Crabtree told S&P Global Market Intelligence at the event that NEORI, a multistate group put together by Mead and Gov. Steve Bullock, D-Mont., will be forming regional initiatives to analyze potential pipeline options and identify the most important projects that would benefit from 45Q.
Roger Ballentine, an owner of NET Power LLC, said at the event that lack of infrastructure is the biggest stumbling block for carbon capture and storage, or CCS, projects.
"Once there's a business case for these things, that's why they are going to happen," he said.

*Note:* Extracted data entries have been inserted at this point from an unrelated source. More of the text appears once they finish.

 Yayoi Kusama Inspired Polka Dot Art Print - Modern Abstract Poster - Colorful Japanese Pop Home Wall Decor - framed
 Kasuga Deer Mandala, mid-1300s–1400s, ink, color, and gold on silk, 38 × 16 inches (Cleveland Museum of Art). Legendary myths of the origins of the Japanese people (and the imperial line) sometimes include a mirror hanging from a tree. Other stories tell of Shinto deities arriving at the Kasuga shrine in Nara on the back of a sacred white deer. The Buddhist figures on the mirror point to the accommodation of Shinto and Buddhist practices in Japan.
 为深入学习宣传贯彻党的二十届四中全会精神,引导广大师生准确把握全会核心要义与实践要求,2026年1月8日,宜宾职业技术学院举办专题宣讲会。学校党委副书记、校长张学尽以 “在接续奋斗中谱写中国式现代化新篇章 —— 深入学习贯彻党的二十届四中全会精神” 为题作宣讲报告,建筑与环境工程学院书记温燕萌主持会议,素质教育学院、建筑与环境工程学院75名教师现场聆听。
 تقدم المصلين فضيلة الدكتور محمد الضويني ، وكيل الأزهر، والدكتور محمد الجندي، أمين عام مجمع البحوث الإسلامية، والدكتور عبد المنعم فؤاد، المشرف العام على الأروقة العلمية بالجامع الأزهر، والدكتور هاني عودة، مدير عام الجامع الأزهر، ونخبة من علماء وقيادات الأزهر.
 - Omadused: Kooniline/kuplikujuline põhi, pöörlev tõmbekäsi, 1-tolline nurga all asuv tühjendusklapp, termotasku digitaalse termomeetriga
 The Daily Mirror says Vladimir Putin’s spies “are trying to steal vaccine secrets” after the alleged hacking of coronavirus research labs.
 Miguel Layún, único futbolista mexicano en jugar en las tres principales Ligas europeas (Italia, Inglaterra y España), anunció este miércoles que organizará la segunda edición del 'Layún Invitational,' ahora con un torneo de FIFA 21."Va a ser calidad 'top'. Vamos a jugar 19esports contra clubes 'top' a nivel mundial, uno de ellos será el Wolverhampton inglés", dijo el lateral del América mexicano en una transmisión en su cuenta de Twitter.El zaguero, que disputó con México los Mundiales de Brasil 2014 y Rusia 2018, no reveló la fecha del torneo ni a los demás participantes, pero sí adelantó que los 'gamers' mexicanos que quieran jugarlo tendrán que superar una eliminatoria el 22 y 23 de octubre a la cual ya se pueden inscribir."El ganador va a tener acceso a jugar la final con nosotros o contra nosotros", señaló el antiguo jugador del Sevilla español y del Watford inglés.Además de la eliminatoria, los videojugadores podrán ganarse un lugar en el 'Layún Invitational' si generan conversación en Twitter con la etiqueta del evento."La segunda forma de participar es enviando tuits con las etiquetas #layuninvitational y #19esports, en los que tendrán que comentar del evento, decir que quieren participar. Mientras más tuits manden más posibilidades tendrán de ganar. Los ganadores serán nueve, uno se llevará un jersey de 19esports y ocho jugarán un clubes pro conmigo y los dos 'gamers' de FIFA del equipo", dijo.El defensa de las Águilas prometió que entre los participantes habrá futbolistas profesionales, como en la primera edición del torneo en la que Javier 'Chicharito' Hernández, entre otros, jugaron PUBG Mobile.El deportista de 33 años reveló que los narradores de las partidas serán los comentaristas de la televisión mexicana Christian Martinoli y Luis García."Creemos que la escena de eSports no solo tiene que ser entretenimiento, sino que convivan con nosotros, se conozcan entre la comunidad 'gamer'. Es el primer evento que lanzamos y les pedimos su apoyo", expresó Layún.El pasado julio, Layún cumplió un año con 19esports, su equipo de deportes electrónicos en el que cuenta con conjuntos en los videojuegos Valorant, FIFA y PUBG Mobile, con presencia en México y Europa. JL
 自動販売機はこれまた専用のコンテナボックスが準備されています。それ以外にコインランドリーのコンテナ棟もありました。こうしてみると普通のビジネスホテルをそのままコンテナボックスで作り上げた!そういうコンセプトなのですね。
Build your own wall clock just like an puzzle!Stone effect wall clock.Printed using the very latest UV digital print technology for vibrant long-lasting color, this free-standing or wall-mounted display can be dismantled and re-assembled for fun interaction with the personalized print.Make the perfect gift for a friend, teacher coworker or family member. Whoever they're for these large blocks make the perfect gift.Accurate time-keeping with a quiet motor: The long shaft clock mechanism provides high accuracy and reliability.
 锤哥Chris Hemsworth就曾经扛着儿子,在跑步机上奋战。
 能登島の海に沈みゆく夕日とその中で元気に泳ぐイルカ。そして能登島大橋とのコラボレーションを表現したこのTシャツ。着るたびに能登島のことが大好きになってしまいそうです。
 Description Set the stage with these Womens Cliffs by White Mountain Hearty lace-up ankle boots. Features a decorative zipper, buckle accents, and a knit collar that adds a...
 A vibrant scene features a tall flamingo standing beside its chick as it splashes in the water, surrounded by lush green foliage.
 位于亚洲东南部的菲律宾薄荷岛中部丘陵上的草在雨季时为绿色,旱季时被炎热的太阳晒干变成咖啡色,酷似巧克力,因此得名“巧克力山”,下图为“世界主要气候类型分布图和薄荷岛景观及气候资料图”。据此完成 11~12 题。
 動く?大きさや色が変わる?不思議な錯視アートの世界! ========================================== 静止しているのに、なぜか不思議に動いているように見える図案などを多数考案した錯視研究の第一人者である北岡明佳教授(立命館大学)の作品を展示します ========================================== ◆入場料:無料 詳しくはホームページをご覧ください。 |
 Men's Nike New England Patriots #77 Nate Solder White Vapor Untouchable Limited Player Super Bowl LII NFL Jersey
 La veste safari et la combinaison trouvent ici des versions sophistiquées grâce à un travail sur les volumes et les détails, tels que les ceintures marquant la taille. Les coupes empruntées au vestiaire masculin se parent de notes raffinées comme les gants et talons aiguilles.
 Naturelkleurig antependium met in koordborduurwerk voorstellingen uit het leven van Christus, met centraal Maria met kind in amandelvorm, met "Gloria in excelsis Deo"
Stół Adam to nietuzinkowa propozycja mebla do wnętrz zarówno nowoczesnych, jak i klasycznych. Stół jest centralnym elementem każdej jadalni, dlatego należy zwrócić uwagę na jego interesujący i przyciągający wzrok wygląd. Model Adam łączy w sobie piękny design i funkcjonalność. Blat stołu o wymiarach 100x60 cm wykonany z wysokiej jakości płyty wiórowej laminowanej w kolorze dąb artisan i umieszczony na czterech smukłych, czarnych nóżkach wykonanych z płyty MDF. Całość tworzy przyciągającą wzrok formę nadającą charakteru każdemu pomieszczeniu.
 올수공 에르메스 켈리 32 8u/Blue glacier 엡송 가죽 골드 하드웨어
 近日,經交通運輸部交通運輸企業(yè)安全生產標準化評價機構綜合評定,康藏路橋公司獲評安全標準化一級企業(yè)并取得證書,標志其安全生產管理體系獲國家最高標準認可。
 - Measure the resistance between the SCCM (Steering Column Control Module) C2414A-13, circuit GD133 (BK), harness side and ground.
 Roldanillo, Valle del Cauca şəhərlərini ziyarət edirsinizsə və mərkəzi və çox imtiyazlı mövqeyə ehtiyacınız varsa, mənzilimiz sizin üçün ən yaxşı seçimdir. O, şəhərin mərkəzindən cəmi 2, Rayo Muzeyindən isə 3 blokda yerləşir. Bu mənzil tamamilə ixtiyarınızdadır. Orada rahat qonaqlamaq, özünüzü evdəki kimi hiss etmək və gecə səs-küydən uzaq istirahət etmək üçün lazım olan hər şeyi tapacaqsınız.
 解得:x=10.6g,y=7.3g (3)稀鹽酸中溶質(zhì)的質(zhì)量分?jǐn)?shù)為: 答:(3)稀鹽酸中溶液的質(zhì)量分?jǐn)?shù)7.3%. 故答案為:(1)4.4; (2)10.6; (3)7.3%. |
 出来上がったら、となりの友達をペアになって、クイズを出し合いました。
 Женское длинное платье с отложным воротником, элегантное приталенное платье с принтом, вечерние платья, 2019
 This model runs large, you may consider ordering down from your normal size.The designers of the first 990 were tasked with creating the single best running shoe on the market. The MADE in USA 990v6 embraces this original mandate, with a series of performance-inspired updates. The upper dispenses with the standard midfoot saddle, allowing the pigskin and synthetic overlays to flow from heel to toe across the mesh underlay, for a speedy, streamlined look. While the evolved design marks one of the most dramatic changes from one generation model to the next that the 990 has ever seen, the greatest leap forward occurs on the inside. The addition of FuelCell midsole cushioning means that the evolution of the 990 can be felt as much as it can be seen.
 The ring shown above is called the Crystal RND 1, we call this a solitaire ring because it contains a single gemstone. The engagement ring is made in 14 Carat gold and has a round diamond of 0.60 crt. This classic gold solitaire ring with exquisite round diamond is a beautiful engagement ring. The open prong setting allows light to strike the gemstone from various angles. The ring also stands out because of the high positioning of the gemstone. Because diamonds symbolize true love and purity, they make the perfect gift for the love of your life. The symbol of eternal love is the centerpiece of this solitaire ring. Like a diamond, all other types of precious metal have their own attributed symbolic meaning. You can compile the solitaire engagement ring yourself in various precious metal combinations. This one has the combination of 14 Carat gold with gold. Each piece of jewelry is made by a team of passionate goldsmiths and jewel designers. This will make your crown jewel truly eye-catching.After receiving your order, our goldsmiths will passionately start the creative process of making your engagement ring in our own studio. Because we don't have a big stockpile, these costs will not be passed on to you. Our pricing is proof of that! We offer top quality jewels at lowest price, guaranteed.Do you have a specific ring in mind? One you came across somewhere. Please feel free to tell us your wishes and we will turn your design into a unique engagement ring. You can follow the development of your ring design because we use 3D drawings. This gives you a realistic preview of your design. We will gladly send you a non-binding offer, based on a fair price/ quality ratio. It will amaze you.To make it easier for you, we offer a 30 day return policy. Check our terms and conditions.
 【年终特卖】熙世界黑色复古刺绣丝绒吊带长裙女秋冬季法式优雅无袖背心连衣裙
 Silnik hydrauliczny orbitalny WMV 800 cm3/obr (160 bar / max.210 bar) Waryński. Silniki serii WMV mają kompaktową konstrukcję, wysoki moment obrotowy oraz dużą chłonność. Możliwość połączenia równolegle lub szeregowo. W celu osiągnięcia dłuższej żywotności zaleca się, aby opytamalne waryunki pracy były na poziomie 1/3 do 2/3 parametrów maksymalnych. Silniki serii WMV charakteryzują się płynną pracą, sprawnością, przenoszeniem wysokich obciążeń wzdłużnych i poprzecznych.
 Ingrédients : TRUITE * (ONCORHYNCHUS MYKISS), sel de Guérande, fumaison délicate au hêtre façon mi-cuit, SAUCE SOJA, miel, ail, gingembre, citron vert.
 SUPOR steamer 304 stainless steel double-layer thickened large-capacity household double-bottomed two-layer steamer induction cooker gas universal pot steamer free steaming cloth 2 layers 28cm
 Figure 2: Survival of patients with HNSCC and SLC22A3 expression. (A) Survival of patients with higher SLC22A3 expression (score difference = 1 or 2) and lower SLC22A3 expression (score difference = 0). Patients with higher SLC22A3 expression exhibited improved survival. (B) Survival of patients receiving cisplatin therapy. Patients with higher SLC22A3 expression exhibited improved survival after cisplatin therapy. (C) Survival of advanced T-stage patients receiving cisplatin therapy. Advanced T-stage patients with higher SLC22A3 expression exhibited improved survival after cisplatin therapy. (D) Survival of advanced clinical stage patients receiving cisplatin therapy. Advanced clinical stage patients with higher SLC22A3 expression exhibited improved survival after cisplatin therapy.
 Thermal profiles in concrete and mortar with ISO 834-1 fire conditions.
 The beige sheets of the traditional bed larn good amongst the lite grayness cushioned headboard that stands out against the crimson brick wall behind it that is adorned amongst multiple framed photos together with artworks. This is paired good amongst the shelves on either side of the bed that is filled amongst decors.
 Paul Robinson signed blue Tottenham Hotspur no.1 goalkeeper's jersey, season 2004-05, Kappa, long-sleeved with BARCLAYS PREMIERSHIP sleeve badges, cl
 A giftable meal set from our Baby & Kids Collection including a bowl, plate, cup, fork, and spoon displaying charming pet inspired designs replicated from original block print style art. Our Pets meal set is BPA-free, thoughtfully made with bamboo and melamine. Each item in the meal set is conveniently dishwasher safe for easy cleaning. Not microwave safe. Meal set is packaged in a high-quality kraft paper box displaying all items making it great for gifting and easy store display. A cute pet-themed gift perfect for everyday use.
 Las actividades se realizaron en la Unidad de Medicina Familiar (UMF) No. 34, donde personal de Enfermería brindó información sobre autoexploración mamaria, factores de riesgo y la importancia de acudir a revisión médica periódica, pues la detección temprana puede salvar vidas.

Approving pipelines with larger capacity than immediately necessary in some areas would provide a specific cost benefit to encourage future projects. If a pipeline is built to store CO2 captured from an ethanol plant, for example, leaving extra capacity in the infrastructure to handle CO2 captured from future CCS retrofits on nearby power plants or industrial sources could help bring down the costs for those projects.
"It would be really valuable if those first pipelines are built with extra capacity," Crabtree said. "Then a coal plant, once it's retrofitted, can plug into existing infrastructure. We don't see these things as competitive at all; it's really about building out a system."
He said the coalition wants to make sure CO2 pipelines are part of the current discussion on national infrastructure policy and is seeking federal and state incentives that would give CCS technology the same kind of competitive edge that renewable energy enjoys.
Other federal incentives that could help CCS development include private activity bonds a form of tax-exempt bond that provides special financing benefits for projects, a spokesperson for the Center for Climate and Energy Solutions said.
Sens. Rob Portman, R-Ohio, and Michael Bennet, D-Colo., introduced a bill in April 2017 that would make CCS projects eligible for the bonds.